Un seul auteur a mêlé texte et tableaux.Je ne me souviens pas avoir remarqué - quand j’ai commencé à lire attentivement et activement la poésie – cette présence de portraits, paysages, figures animales ou humaines et des couleurs, dans la poésie. On pourrait dire que cette génération ouvre toutes les portes, d’un seul coup, dans un même mouvement, avec une certaine furie pour respirer, s’exprimer et maîtriser le réel. Peut-être ont-ils fréquenté plus que nous les poètes-peintres comme Hugo, Michaux ? De toutes façons, ce serait bon signe. Mais ce petit fait méritait d’être signalé, peut-être que cet événement marque un tournant sinon décisif, du moins majeur dans la fonction et la réalisation du dire ou du faire poétique. Nous assistons peut-être à ce processus d’"énantiomorphose ", parfaitement décrit par E. Canetti et au cours duquel dissimuler et démasquer se tiennent. Il y a dans cette démarche un désir profond de ne pas parler et simultanément une nécessité impérieuse de révéler ce que l’on tait. Cela peut créer une tension extrême chez l’individu. Michaux a eu beaucoup d’expériences de ce genre parfois sous neuroleptiques et hallucinogènes. Mais nos jeunes n’en sont pas là, ils sont au stade de l’expérimentation pure dans une société par ailleurs déchirée.

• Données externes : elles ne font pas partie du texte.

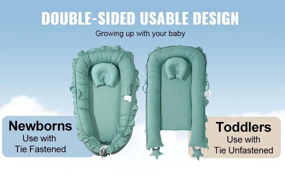 Zweiseitige Verwendbarkeit: Diese Babyliege verfügt über ein doppelseitiges Design, sodass Sie die Seiten bei Bedarf problemlos wechseln können. Beide Seiten bieten Ihrem Baby den gleichen Komfort, wodurch die Lebensdauer der Babynestliege verlängert und die Notwendigkeit häufiger Reinigung verringert wird. So wird die Elternschaft bequemer und problemloser.
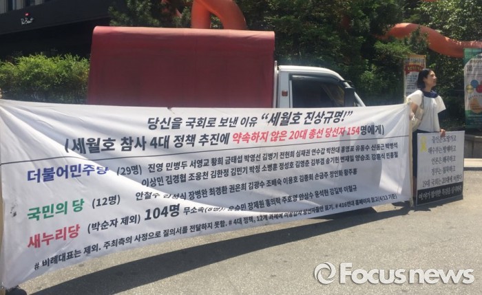 풀뿌리시민네트워크 등 시민사회단체는 21일 새누리당과 더불어민주당, 국민의당 당사 앞에서 세월호특별법 개정안 발의를 약속한 20대 총선 당선인 154명의 명단을 적은 펼침막을 들고 이들의 약속 이행을 촉구했다.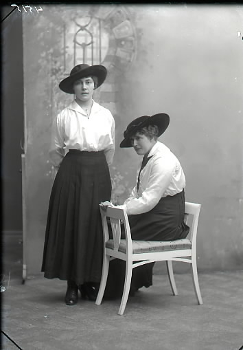 Ateljébild. Två kvinnor i helfigur varav en sitter. Båda bär mörka hattar och långkjolar samt ljusa blusar. Beställare: Fröken Åkerblad (Goos)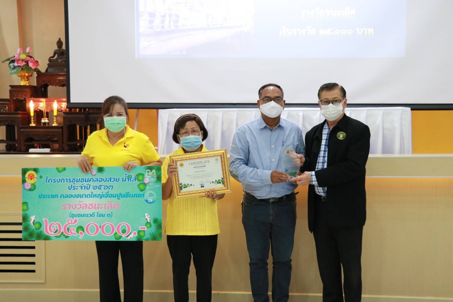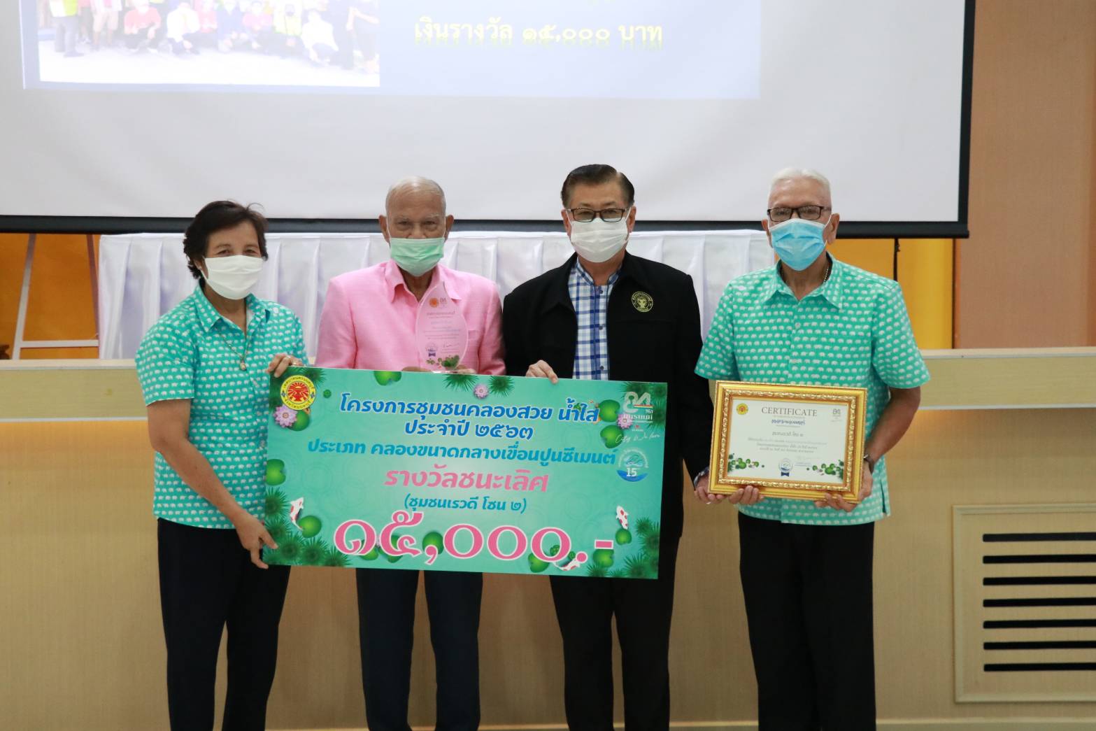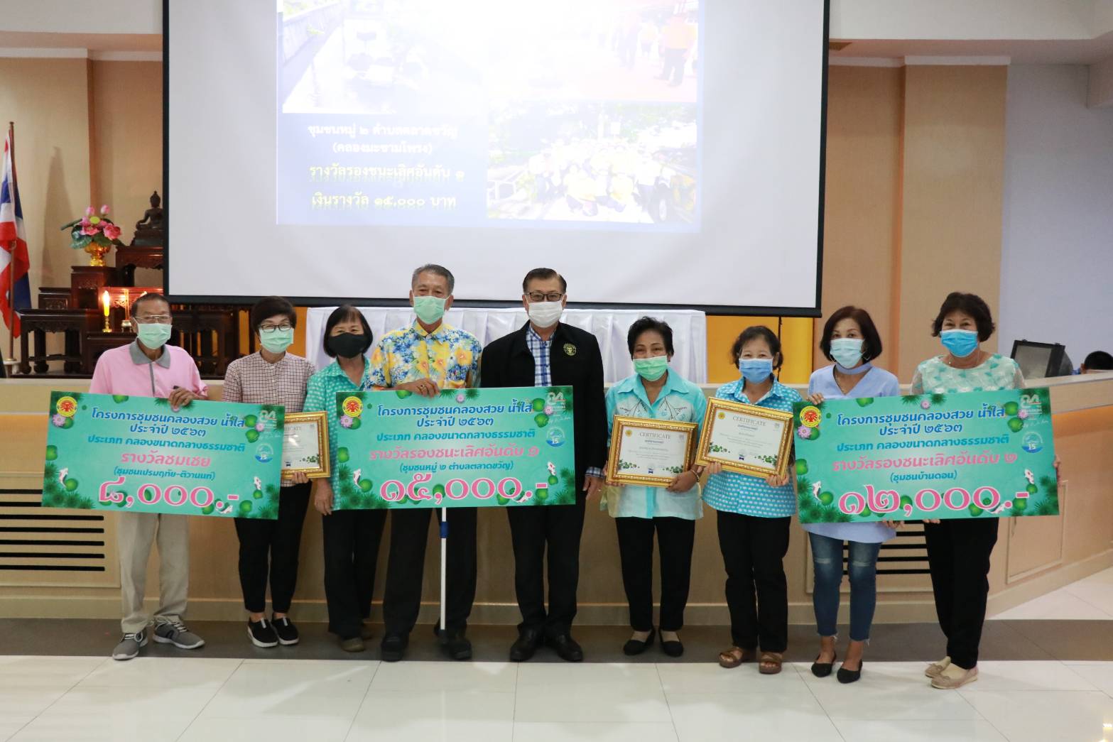 ซึ่งผลการพิจารณาโครงการคลองสวยน้ำใส แบ่งออกเป็น 5 ประเภทได้แก่ 1) ประเภทคลองขนาดเล็ก รางวัลรองชนะเลิศอันดับ 1 ได้แก่ชุมชนรัตนาธิเบศร์ 8-14 ร่วมใจ (ไม่มีชุมชนที่ผ่านเกณฑ์ได้รางวัลชนะเลิศ) 2) ประเภทคลองขนาดกลางเขื่อนปูนซีเมนต์ รางวัลชนะเลิศ ได้แก่ ชุมชนเรวดีโซน 2 3) ประเภทคลองขนาดกลางธรรมชาติ รางวัลรองชนะเลิศอันดับ 1 ได้แก่ ชุมชนหมู่ 2 ตลาดขวัญ (ไม่มีชุมชนที่ผ่านเกณฑ์ได้รางวัลชนะเลิศ 4) ประเภทคลองขนาดใหญ่ปูนซีเมนต์ รางวัลชนะเลิศ ได้แก่ ชุมชนเรวดีโซน 3 5) ประเภทคลองขนาดใหญ่ธรรมชาติ รางวัลชนะเลิศ ได้แก่ ชุมชนวัดทางหลวง ได้รับความอนุเคราะห์วิทยากรจากสำนักงานสิ่งแวดล้อมภาคที่ 6 และผู้แทนจากโครงการชลประทานนนทบุรี มาบรรยายให้ความรู้ในครั้งนี้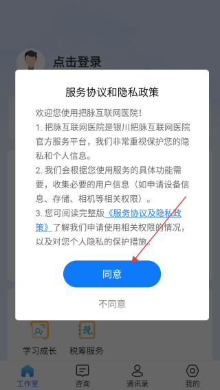1、打开应用查看协议点击同意。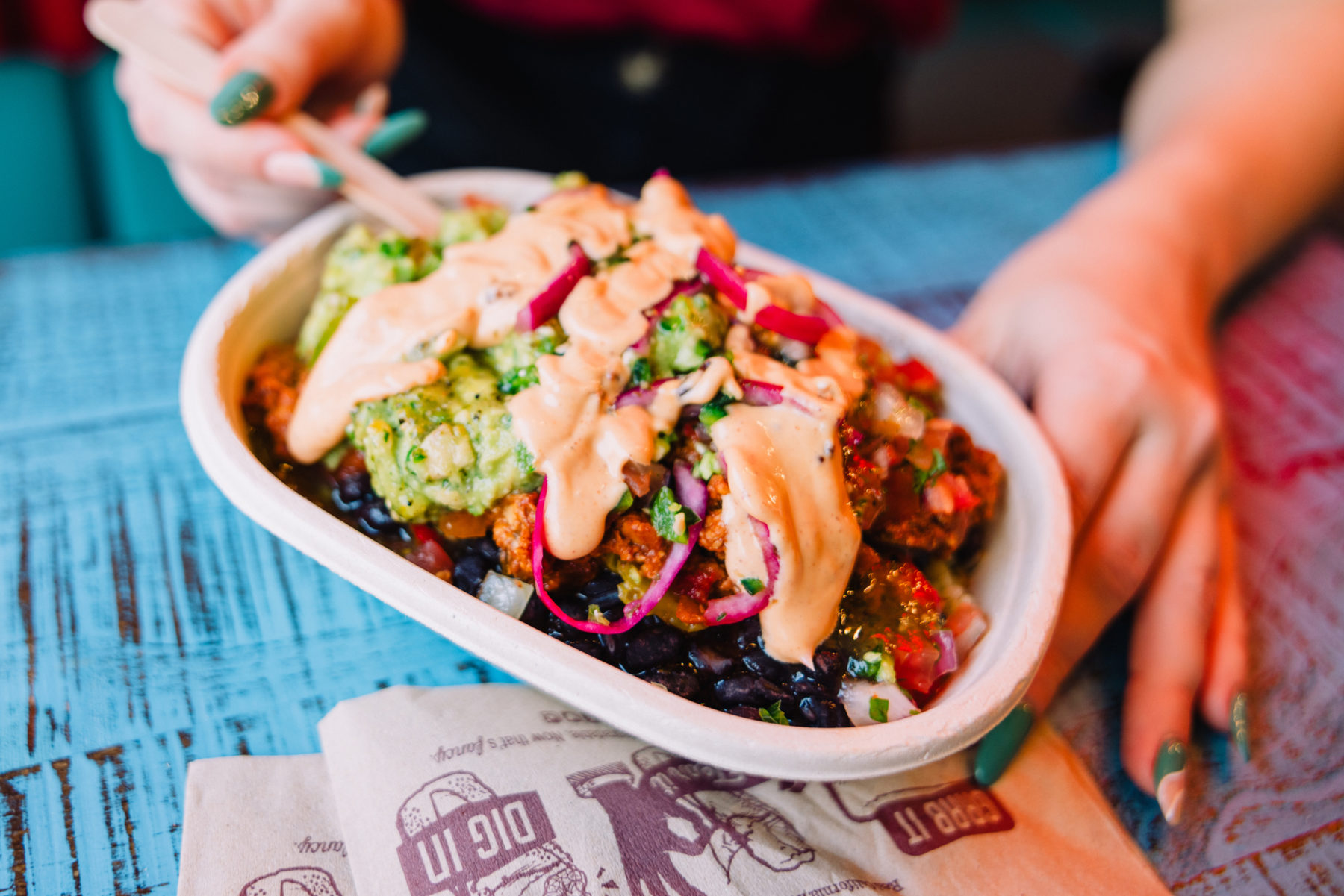 Burrito – A soft flour tortilla filled with your choice of tomato or coriander rice, pinto or black beans & the beyond steak chimichurri, vegan chilli no carne or grilled veggies. Add our hand-smashed guacamole & top it off with a range of salsas & toppings.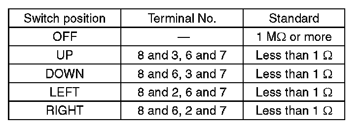 2. Check the resistance between remote control mirror switch terminals.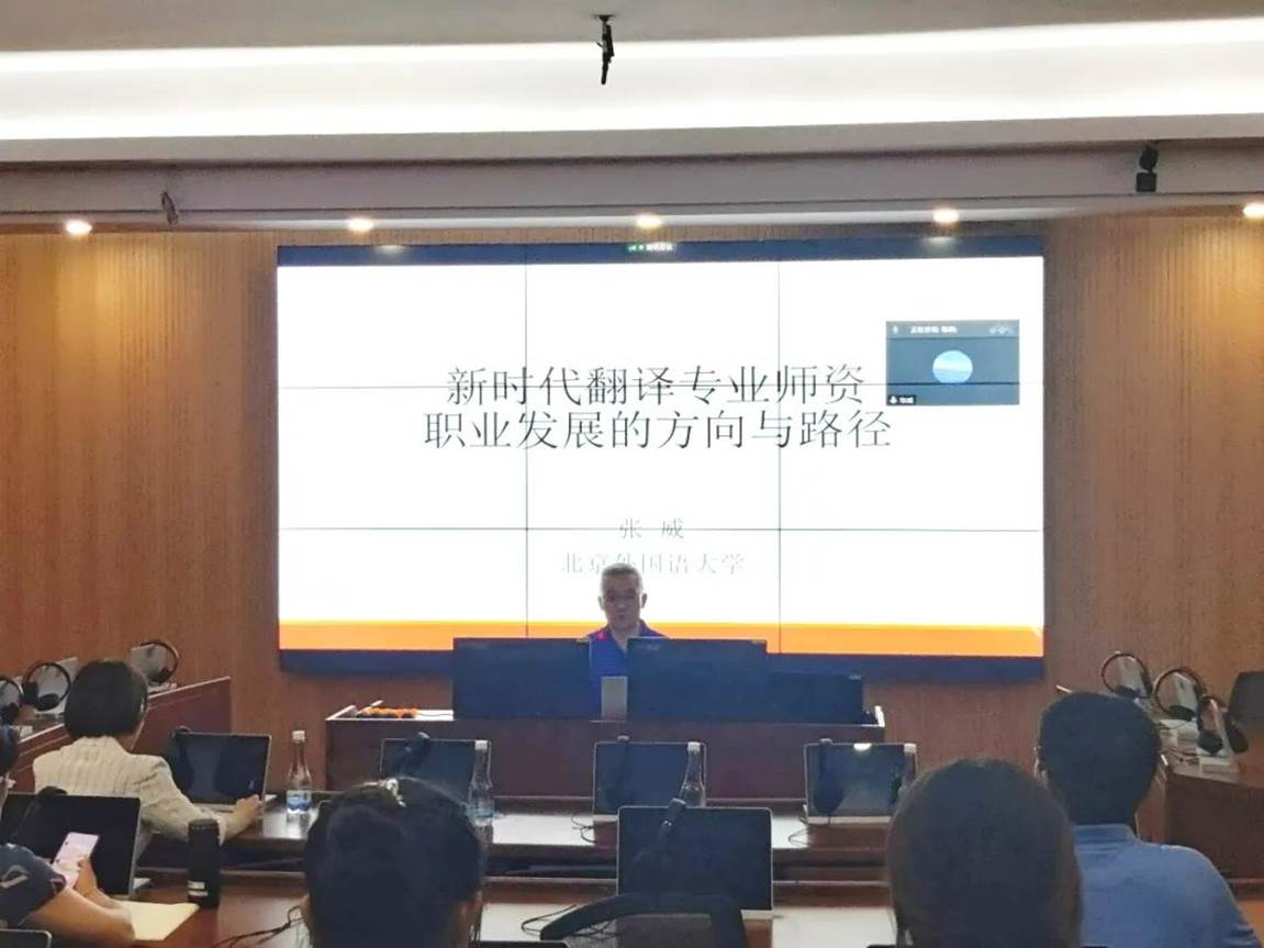 邀请,北京外国语大学博士生导师张威教授莅临我校,在励业楼502虚拟仿真口笔译实训中心作了题为“新时代翻译专业师资职业发展的方向与路径”的学术讲座。我校六色网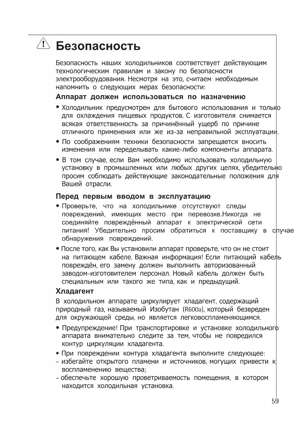 - Технические термины Безопасность Безопасность наших холодильников соответствует действующим технологическим правилам и закону по безопасности электрооборудования. Несмотря на это, считаем необходимым напомнить о следующих мерах безопасности: Аппарат должен использоваться по назначению p. 7559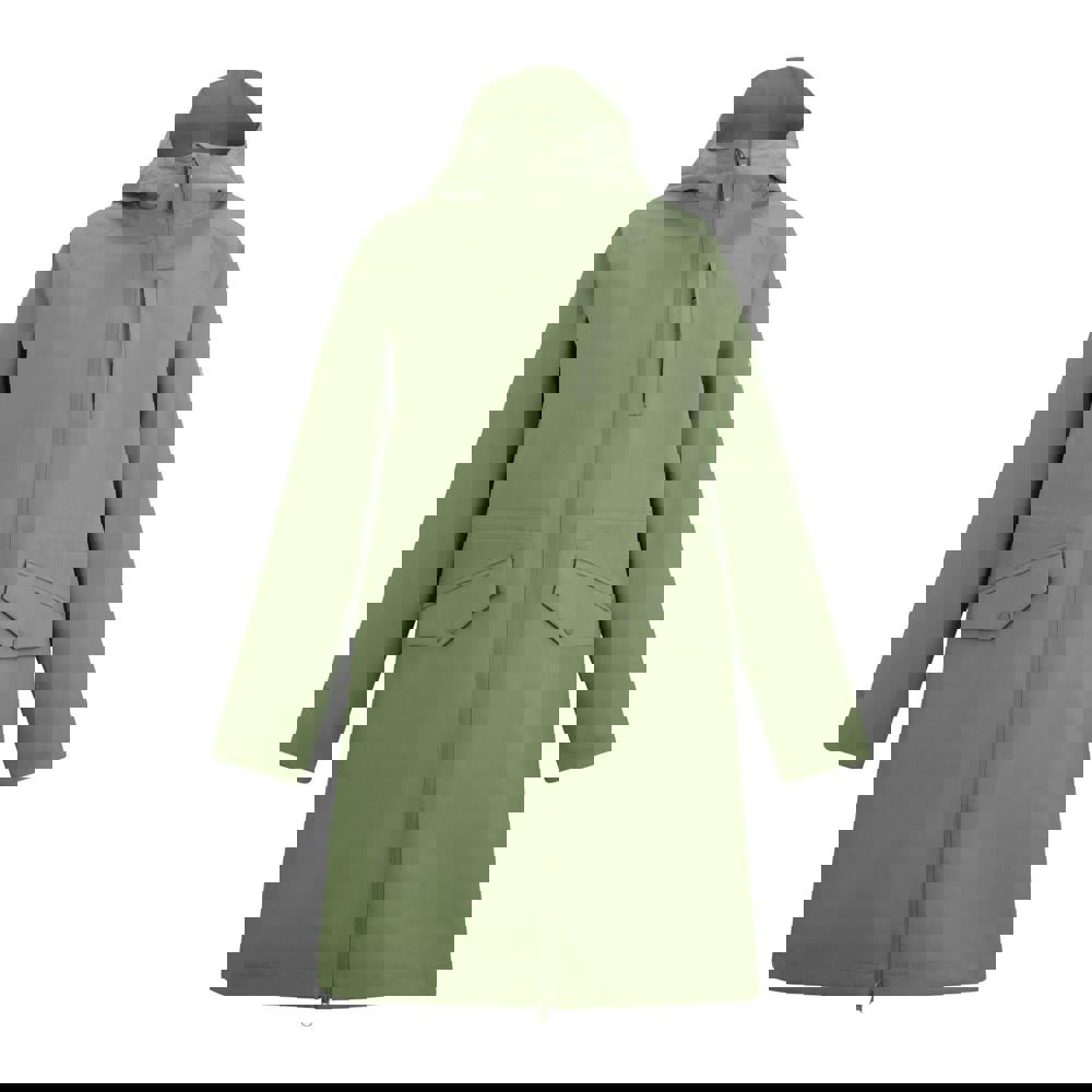 The Regatta Levita waterproof jacket is made from 100% recycled polyester with a stretch fabric and a plain finish. It is hooded with a grown on hood and long sleeves, offering a practical outer layer for wet and windy conditions.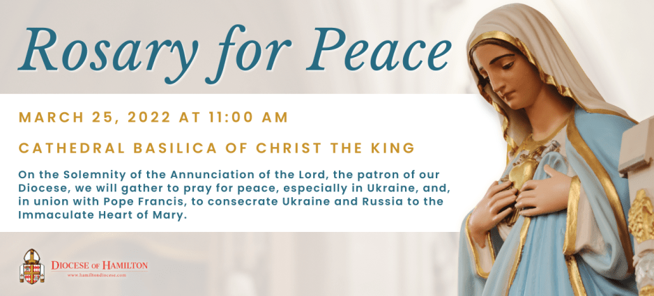 All are welcome to join Bishop Crosby and Bishop Lobsinger at the Cathedral Basilica on Friday, March 25, 2022 at 11:00 a.m. as we pray the Rosary, asking for the intercession of our Blessed Lady, to bring peace to our world, especially in Ukraine.
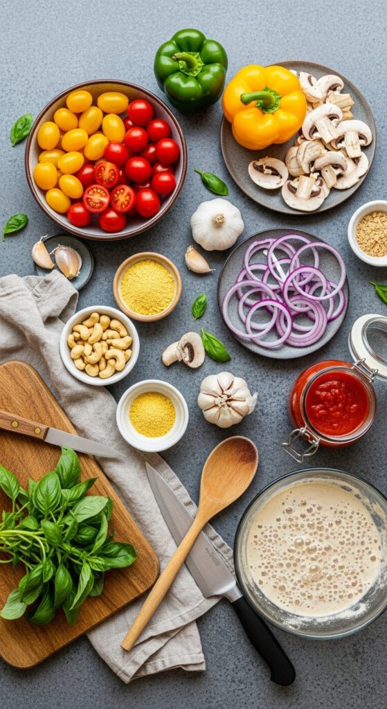 Spread sauce evenly across the dough, leaving a 1-inch border. Add dollops of cashew cheese or shredded vegan cheese, then arrange toppings as you like. Don’t go overboard—a little negative space makes a better bake.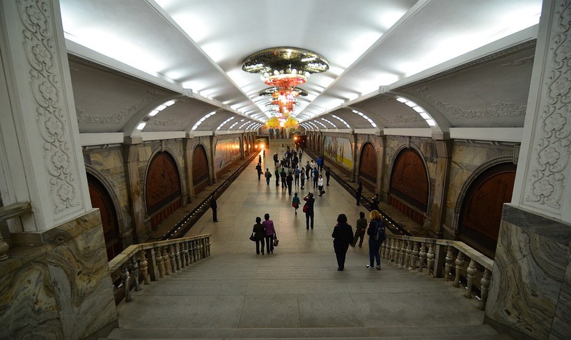 Самая глубокая система метро в мире - 110 метров. На станциях есть большие фрески, каждая предназначена воплотить различные идеалы. Большинство видят только Puhung и Yonggwang на линии Chollima.
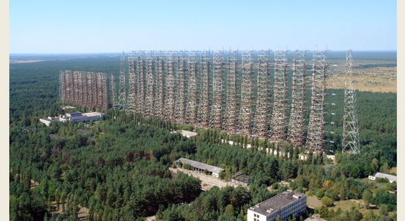 Начинал я свою службу именно с такого зала. Здесь находилось самое главное, что необходимо для любой радио локационной станции. Это, конечно, передающие устройства. В этом зале как раз и рождался сложнейший непрерывный зондирующий сигнал, который потом, после значительного усиления, через антенно фидерные системы, излучался в пространство. Наша работа и заключалась в том, что бы сформировать этот сигнал. А для этого передатчик должен работать четко, как часы. Включения, настройки, поиск неисправностей, регламентные работы – все приходилось делать обслуживающему персоналу – техникам, инженерам, операторам. Работы хватало всем, передатчиков было много. Потом, после первой должности по обслуживанию передающих устройств, я пошел на должность повыше, как раз на этот самый командный пункт, что на снимках слева. На пульте, конечно, работа была и поспокойнее, и проще. Ведь хорошо управлять теми устройствами, на которых работал не один год, и которые прекрасно и хорошо усвоил. По передающим устройствам у меня была квалификация первого класса. А если к этому прибавить ещё и знание командного пункта, то получался мастер боевой квалификации. Да что там говорить, технику мы знали отлично. Этот красивый локатор типа Волга относится к РЛС надгоризонтного обнаружения и сопровождения систем ПРН. Расположен в западной части Европы. В настоящее время видимо заменен аналогичными станциями типа Воронеж, так как старая станция была расположена на территории Украины. А Украина это уже не наша территория. Ещё один из представителей больших систем – станция системы ПРН загоризонтного обнаружения. На верхнем и нижнем снимках показаны совершенно одинаковые РЛС ЗГО. Нижний снимок – это станция ЗГО под Чернобылем, что в киевской области. Бывал я здесь, на академической стажировке, ровно за восемь лет до той, страшной аварии. Да и тема моего академического диплома напрямую соприкасалась с загоризонтной локацией, с этой станцией. Мощнейшие станции по размерам и решаемым задачам.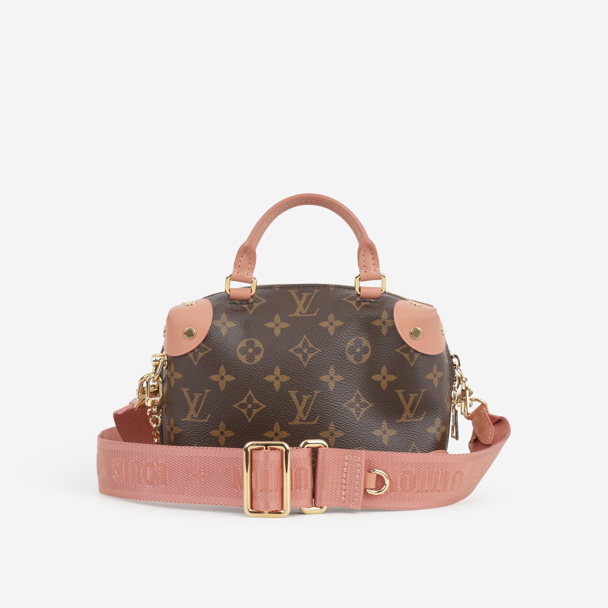 The Louis Vuitton Petite Malle Souple Monogram with Peach Trim & Gold Hardware is a chic, contemporary twist on one of Louis Vuitton’s most iconic designs. Crafted from the brand’s signature Monogram coated canvas, this petite trunk-inspired bag is accented with soft peach leather trim, giving it a playful yet elegant finish.
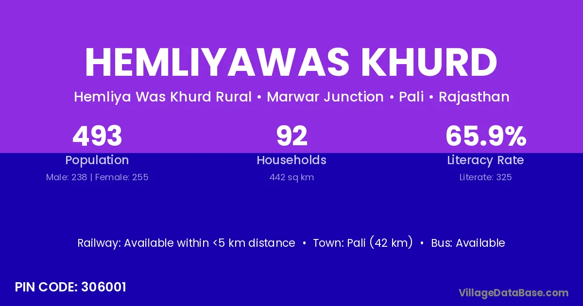 Pali (42 km) is the nearest town to Hemliyawas Khurd village for major economic activities and is located approximately 42 km away.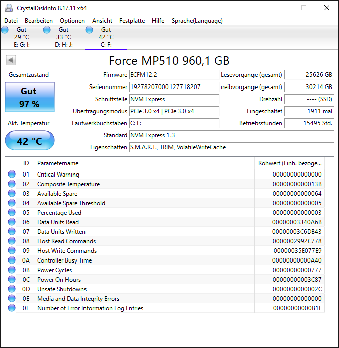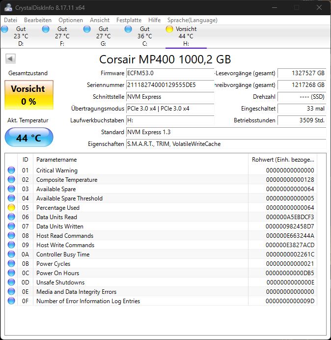 Zum Vergleich hier mal meine SSD, die ganz normal genutzt wird: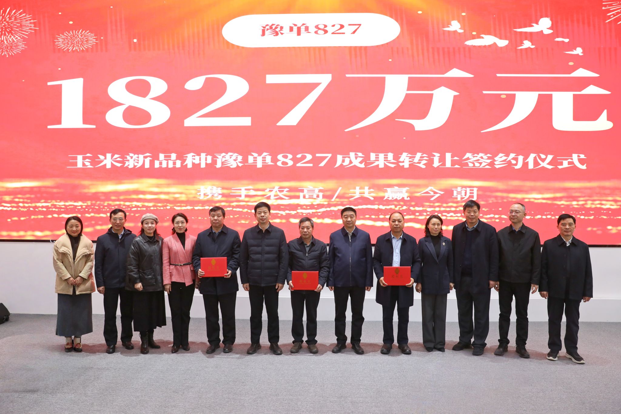本网讯(记者 黄璞)12月10日,由金沙娱乐城app 汤继华教授团队培育的玉米新品种豫单827成果转让签约仪式在河南周口国家农高区举行。省总工会教科文卫体工会主席张学勇,校党委副书记、工会主席邹松涛,学术副校长汤继华,周口国家农高区党工委副书记、常务副主任祝俊

Leurs textes manifestent avec intensité ce sentiment de rupture, de déchirure.

Mais nous voudrions insister sur la richesse de l’inspiration de ces artistes - le pays et son histoire, le vaudou, l’amour, la mort… -, sur la variété des expressions picturales ou poétiques. Si nombre d’artistes présents dans ce cahier ne produisent pas de tableaux naïfs, cependant les couleurs explosent dans la plupart de leurs œuvres, peut-être est-ce une façon de supporter la grise réalité de la misère ou d’idéaliser un avenir espéré ou de faire offrande à une puissance supérieure, mais peut-être est-ce tout simplement la manifestation d’une extraordinaire appétence pour la liberté, d’un formidable vouloir-vivre.

Ce cahier est porteur d’un grand espoir, il montre la vitalité créatrice de nos compatriotes ; cette initiative mérite d’être hautement saluée et nous lui souhaitons un franc et plein succès.